For some reason they both highlighted financial matters, nothing about mass immigration and our welfare systems, sovereignty, border control, freedom of movement, our proposed Bill of Rights, self-governance, or law making. These matters are what concern most people.

Mr Turner’s definition of democracy is different from mine. I believe it means ‘Government of the people, by the people, for the people’ He believes it means Government by unelected bureaucrats. That is undemocratic, almost dictatorial. How can the people vote them out if they are dissatisfied?

Nor have they made any reference to the thousands of ‘directives’ issued by the European Commission that blight our lives, from banning mothballs, closing our post offices, refuse collection. More than 30,000 over the last 20 years. Some of these are not even debated in the Commons.

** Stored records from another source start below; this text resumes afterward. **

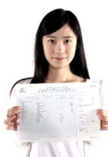
國際基督教優質音樂中學 5★★
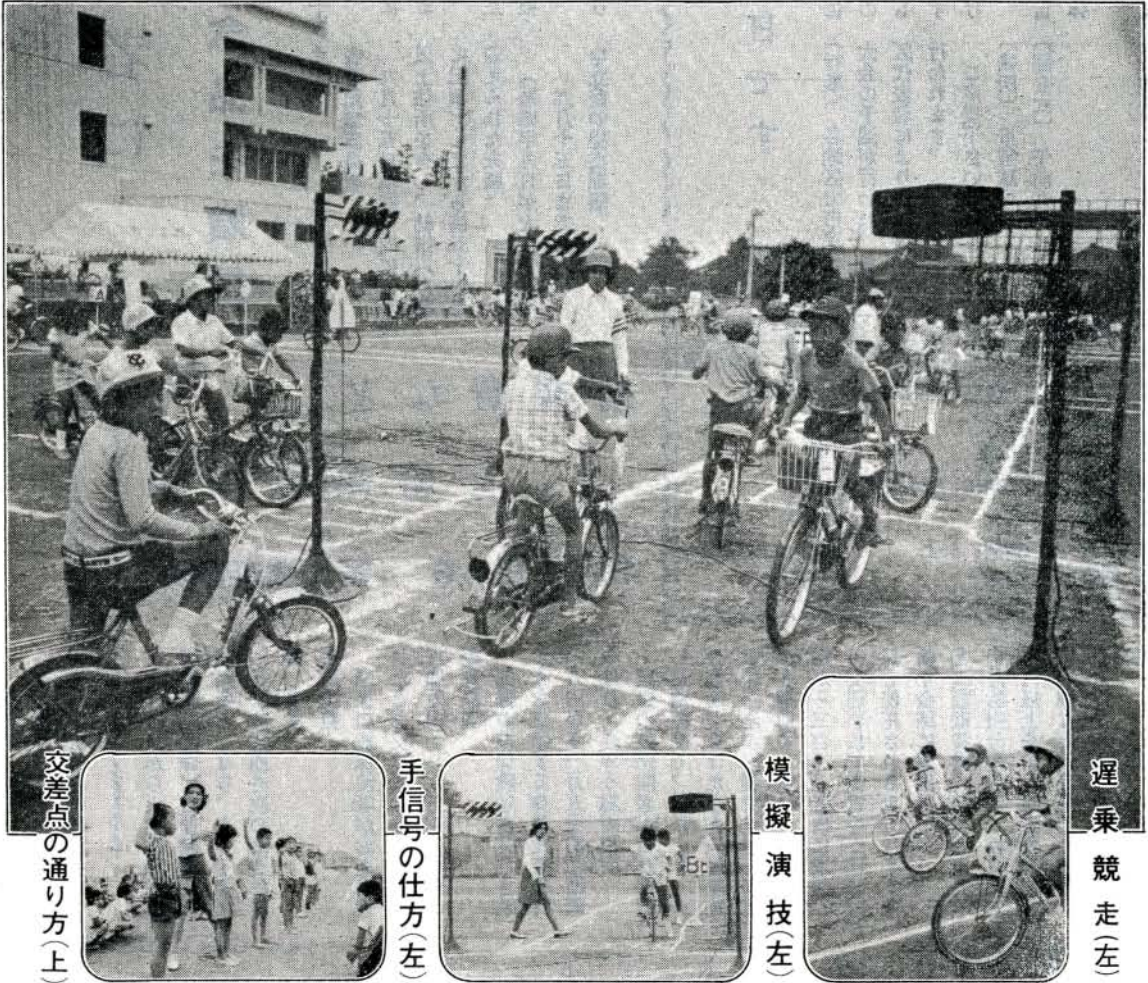
交差点の通り方(上)
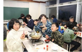
夕食は家族ごとにあったかい鍋
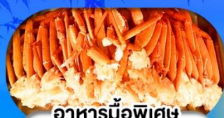
อาหารมือพิเศษ บุฟเฟ่ต์งาปู
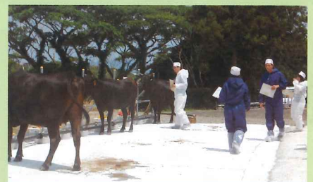
家畜審査競技会(和牛)
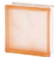
PINK 1919/8 WAVE SAHARA 2S* CODE: 1602
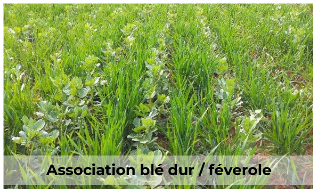
Association blé dur / féverole

Les périodes d'intercultures peuvent être mises au service de la fertilité des sols et notamment à l'amélioration de l'autonomie azotée du système de cultures ! On considère que les cultures intermédiaires à base de légumineuses fournissent en moyenne 30 à 40kg N/ha de plus qu'un sol nu ou qu'un couvert de non légumineuses. Ces performances résultent d'importantes quantités d'azote stockées dans leurs parties aériennes et d'un faible rapport C/N : ces caractéristiques viennent favoriser et accélérer la dégradation et la minéralisation des résidus.
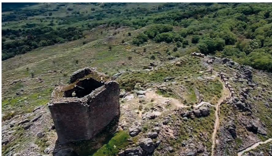
Figura 3. Planta pentagonal

muy detallado, pero en esta comunicación sólo se procederá a la descripción de la fortaleza.
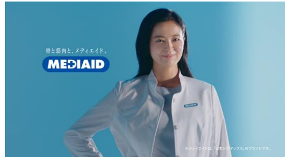
▲MEDIAID ブランドアンバサダー 黒谷友香さん
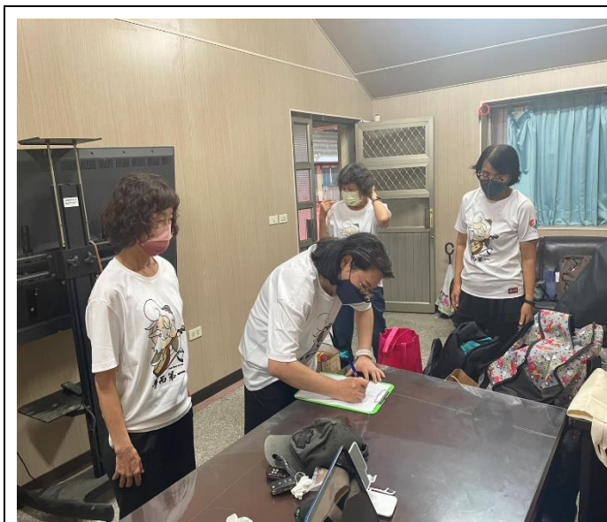
說明：活動前討論準備會議(一)

To me the question is – do I want to be governed by a regime over which ordinary people have no control, or governed by a democratically elected Parliament who the people can remove?

Derek Bunting

Birkdale Avenue

Blackpool

HEALTH

Nurse shortages must be tackled

Working in any environment experiencing staff shortages can be incredibly challenging and have potentially serious consequences. This is particularly true of nursing.

New figures, obtained through Freedom of Information requests, suggest there were more than 1,876 nursing vacancies in the North West and some 23,400 nursing vacancies in the NHS in England, Wales and Northern Ireland as of 1st December last year. The latter is the equivalent to nine per cent of the workforce.

Sadly, this is no surprise to the Royal College of Nursing. Nursing posts are often the first target when savings need to be made, leading the NHS to find itself dangerously short and having to spend more on agency staff and recruitment from other countries. The UK is not training enough nurses to meet our needs and changes to student funding are yet another threat to staff.

The consequences are felt by nursing staff and patients alike – nurses work under pressure and patients face delays and unmet needs.

Tackling the problem is made no easier because vacancies are no longer collected, held or published centrally, so we could effectively assess workforce gaps. Freedom of Information allows us some insight, but is by no means perfect.

The gap between NHS staff needed and staff available must now be reduced as a matter of urgency.

Estephanie Dunn

Regional Director

Royal College of Nursing (RCN) in the North West

POLITICS

The PM is blissfully unaware of our fears

Cameron’s scare stories – repeated with such conviction – are because he knows that, if he remains as PM after a Brexit win, he has not got the strength or guts to give Britain the leadership that would be needed to overcome any of the ‘scare’ stories he is currently promoting, such as more crime, terrorism, price increases, however unlikely, if we were to leave the EU.

The real worry on the minds of most of us ordinary people is the state of the NHS, overcrowding in our schools, housing, congestion on our roads etc, due to immigration and larger families. Let alone the dilution of our culture, way of life and Britishness.

Mr Cameron seems blissfully unaware of these worries.

Greater protection of our borders and paying £20bn a year to the EU is not even on his radar.

“Will no one rid us of this troublesome PM” who is incapable of controlling his country, his party or even his own feelings?